I've got two and "a half" 1981 XV920Rh's. One has the innards from the later shaftie XV1100 in it (XV1100RH?) and a Pichler fairing. The other has flatter handlebars and a "traditional" rear fender. It took me about 6 months to "learn" how to ride this bike -- it needs to be ridden in a completely different way than my 1982 GS1100G, which is why I got it.

Anyway: The steering geometry is changed by the height of the rear tire: a short, fat 16" on the shaft-drive model, and a taller 18" on the chain-drive model.

Joe Minton did a great article on "Vitalizing the Virago" ( http://viragotech.com/ ).

Basically, the old-school method used to be: front and rear progressive springs, (choose your viscosity) front fork oil, swap the steering head ball-bearings (I know!) for tapered bearings, and add a fork brace. The enclosed chain drive is sheer brilliance. I love the giant headlight.

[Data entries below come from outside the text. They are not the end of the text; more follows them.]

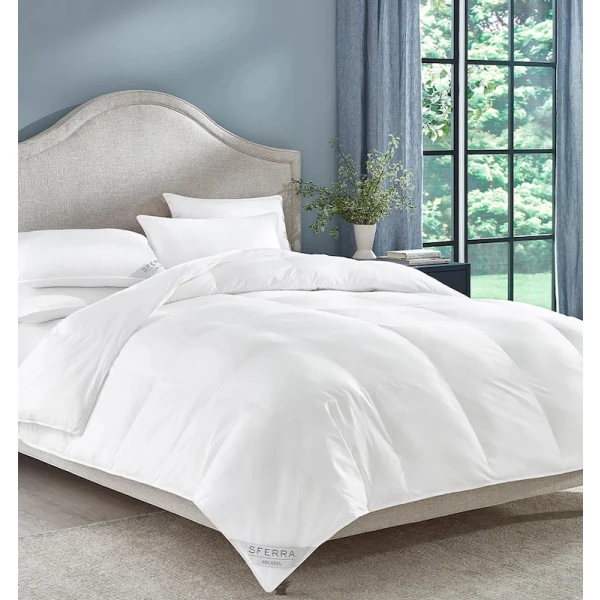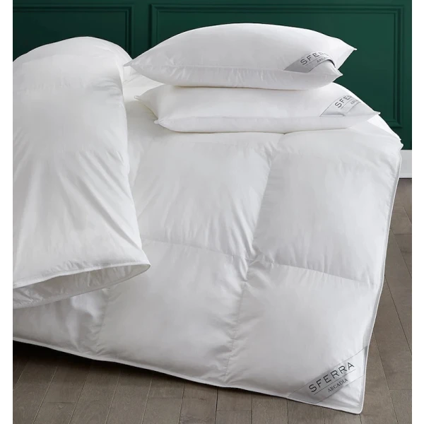 Sferra's Arcadia is their down alternative collection. Lightweight, hypoallergenic microfibers create a down-like loft that’s just as comfortably warm as it is cozy. The heavy and medium duvets have a 15" baffle box construction, piped edging and corner loops. The pillow crosses the thermal-insulating properties of featherweight down with the easy-care attributes and hypoallergenic quality of modern techno-fibers. The result is a down-like comfort with matchless quality.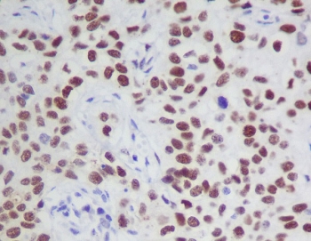 Antibody in PBS with 0.02% sodium azide, 50% glycerol and 0.4-0.5mg/ml BSA. Janus kinase 2 is a human protein that has been implicated in signaling by members of the type II cytokine receptor family, the GM-CSF receptor family, the gp130 receptor family, and the single chain receptors. Protein function: Non-receptor tyrosine kinase involved in various processes such as cell growth, development, differentiation or histone modifications. Mediates essential signaling events in both innate and adaptive immunity. In the cytoplasm, plays a pivotal role in signal transduction via its association with type I receptors such as growth hormone (GHR), prolactin (PRLR), leptin (LEPR), erythropoietin (EPOR), thrombopoietin (THPO), or type II receptors including IFN-alpha, IFN- beta, IFN-gamma and multiple interleukins (PubMed:7615558). Following ligand-binding to cell surface receptors, phosphorylates specific tyrosine residues on the cytoplasmic tails of the receptor, creating docking sites for STATs proteins (PubMed:9618263). Subsequently, phosphorylates the STATs proteins once they are recruited to the receptor. Phosphorylated STATs then form homodimer or heterodimers and translocate to the nucleus to activate gene transcription. For example, cell stimulation with erythropoietin (EPO) during erythropoiesis leads to JAK2 autophosphorylation, activation, and its association with erythropoietin receptor (EPOR) that becomes phosphorylated in its cytoplasmic domain. Then, STAT5 (STAT5A or STAT5B) is recruited, phosphorylated and activated by JAK2. Once activated, dimerized STAT5 translocates into the nucleus and promotes the transcription of several essential genes involved in the modulation of erythropoiesis. Part of a signaling cascade that is activated by increased cellular retinol and that leads to the activation of STAT5 (STAT5A or STAT5B) (PubMed:21368206). In addition, JAK2 mediates angiotensin-2-induced ARHGEF1 phosphorylation (PubMed:20098430). Plays a role in cell cycle by phosphorylating CDKN1B (PubMed:21423214). Cooperates with TEC through reciprocal phosphorylation to mediate cytokine-driven activation of FOS transcription. In the nucleus, plays a key role in chromatin by specifically mediating phosphorylation of 'Tyr-41' of histone H3 (H3Y41ph), a specific tag that promotes exclusion of CBX5 (HP1 alpha) from chromatin (PubMed:19783980). [The UniProt Consortium]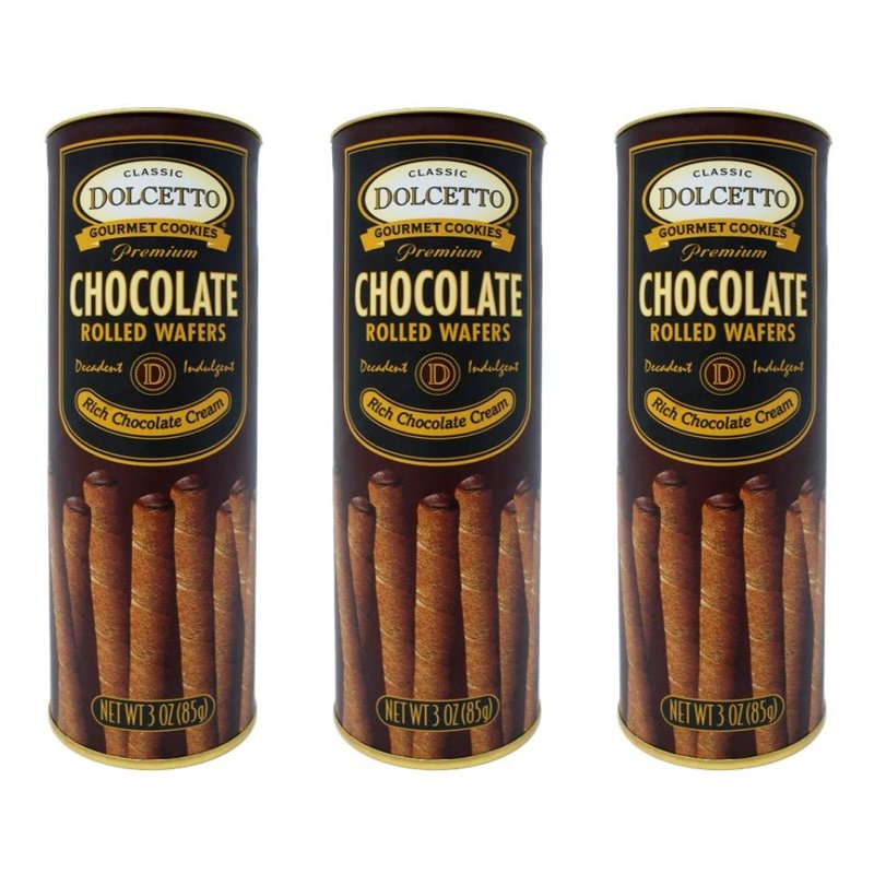 Dolcetto Premium Cream Filled Rolled Wafers Gourmet Chocolate Cookies - Pack of 3 (3 Ounces)

I, too, am intrigued by the "Zero Cafe" Virago. If you look closely, you can see that he left the original spine frame (I'd love to replace mine with a light-as-air Ducati style trellis: sigh. His sense of proportion and balance is perfect. Replicating his work should be rather "easy," since the rear/seat portion just unbolts.

Why do a Virago cafe? Good question. It's big: with that 58-inch wheelbase, it's no "flick" bike (convert a dirt bike to be a cafe racer, if that's the experience that you want. Another projecct that I want to do...). It's heavy: 500+ pounds. It's got a high center of gravity. Yada yada yada.

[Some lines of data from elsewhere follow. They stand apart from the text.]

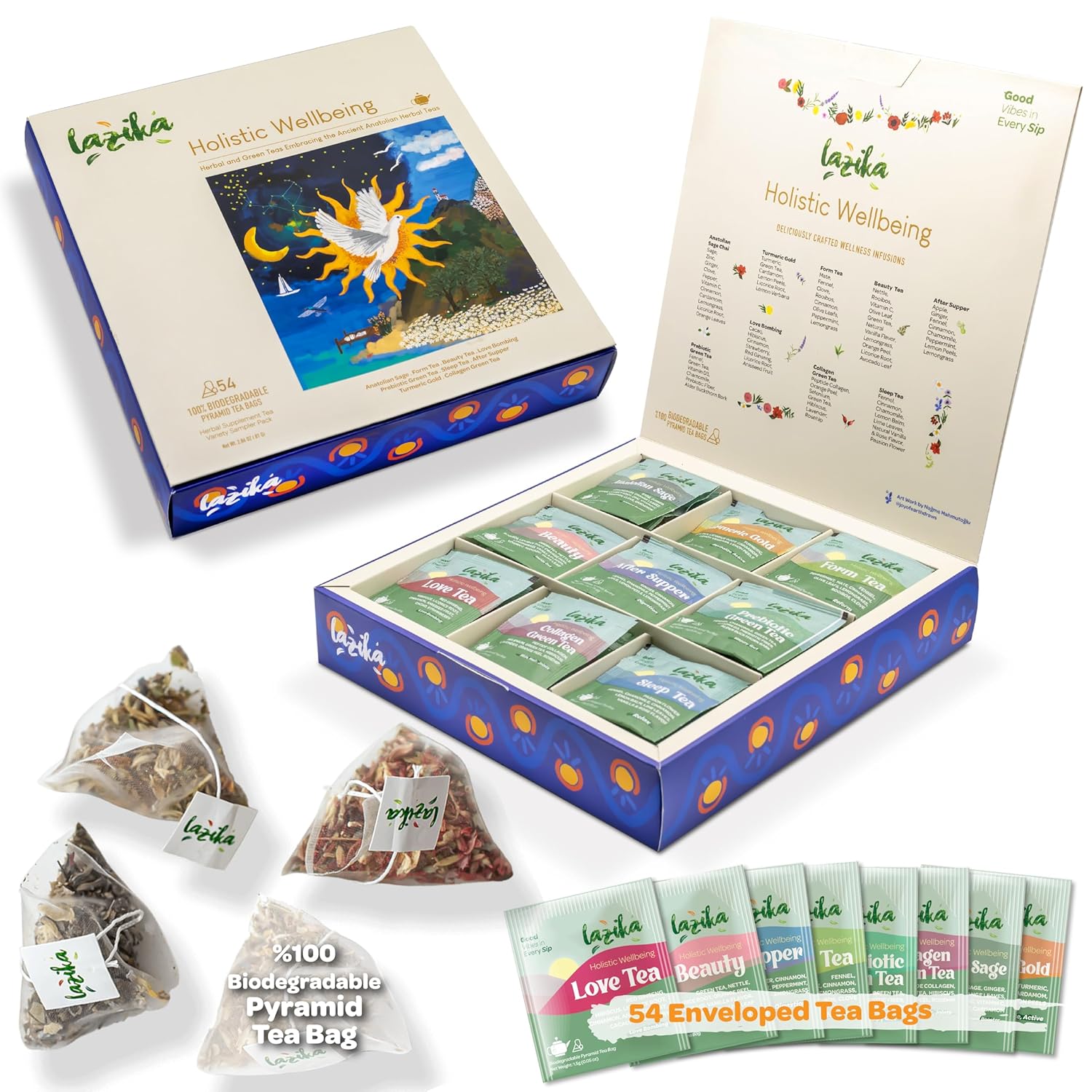 Lazika Herbal Tea Variety Pack with Lovely Presentation Box, 54 Counts, Holistic Wellbeing Tea Assortment Gift Set, Premium Collection with Pyramid Infuser Bag, Handcrafted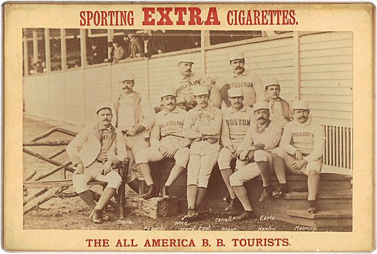 Produced in 1888 by Kinney Tobacco Co. of New York City and advertising their Sporting Extra Cigarettes, this obscure set features team photos of the two teams from Spalding’s World Tour. At this time,
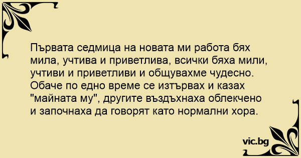 Първата седмица на новата ми работа бях мила, учтива и приветлива, всички бяха мили, учтиви и приветливи и общувахме чудесно.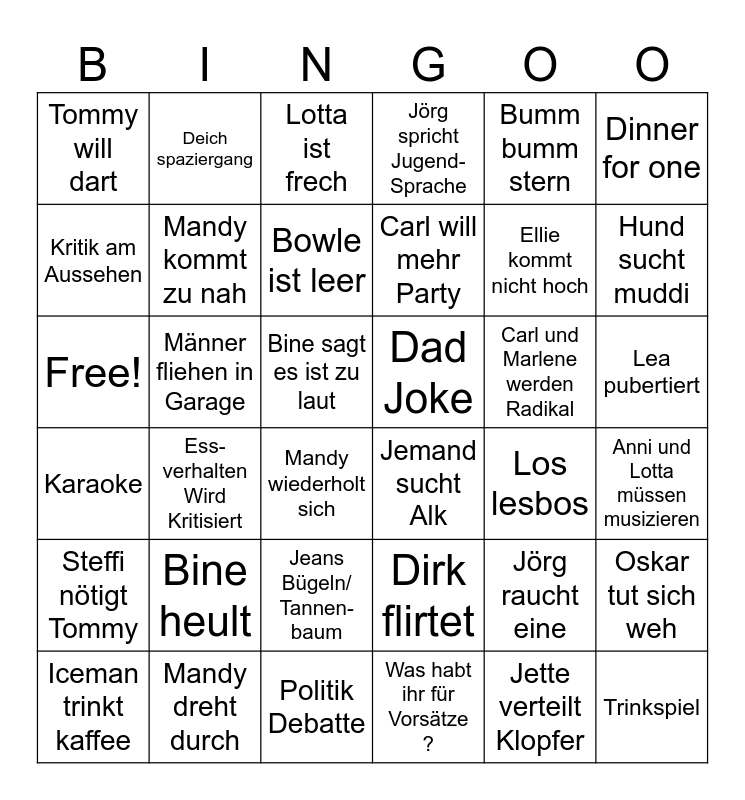 This bingo card has 36 words: Dirk flirtet, Jeans Bügeln/ Tannen-baum, Was habt ihr für Vorsätze ?, Kritik am Aussehen, Karaoke, Dad Joke, Mandy kommt zu nah, Politik Debatte, Bumm bumm stern, Jörg raucht eine, Hund sucht muddi, Jörg spricht Jugend-Sprache, Oskar tut sich weh, Männer fliehen in Garage, Carl will mehr Party, Tommy will dart, Steffi nötigt Tommy, Carl und Marlene werden Radikal, Free!, Lotta ist frech, Bine sagt es ist zu laut, Ess-verhalten Wird Kritisiert, Jemand sucht Alk, Mandy wiederholt sich, Los lesbos, Deich spaziergang, Ellie kommt nicht hoch, Mandy dreht durch, Bowle ist leer, Dinner for one, Trinkspiel, Iceman trinkt kaffee, Anni und Lotta müssen musizieren, Lea pubertiert, Bine heult and Jette verteilt Klopfer.

The reason "why" is the engine. It's torquey. It has a relaxing cadence that took me 6 months to understand; I kept trying to crack the throttle like on my inline 4 GS1100, and kept feeling frustrated and disappointed. Then, I learned how to let the bike teach me how it wanted to be ridden. Aww, man... The engine is nice to look at, too. (I never liked the look of the Suzuki VX800 engine...)

It's all personal preference: that's all that matters. Bike-hating is so irrelevant. What unites us is two -- sometimes three -- wheels. 20-30 years ago, the IIHS was making strong inroads to legislate motorcycles out of existence.

Anyway. Our bikes are platforms for creative and artistic expression. If a Cafe Virago/Gold Wing/Voyager/Rokon does it for you, then fine.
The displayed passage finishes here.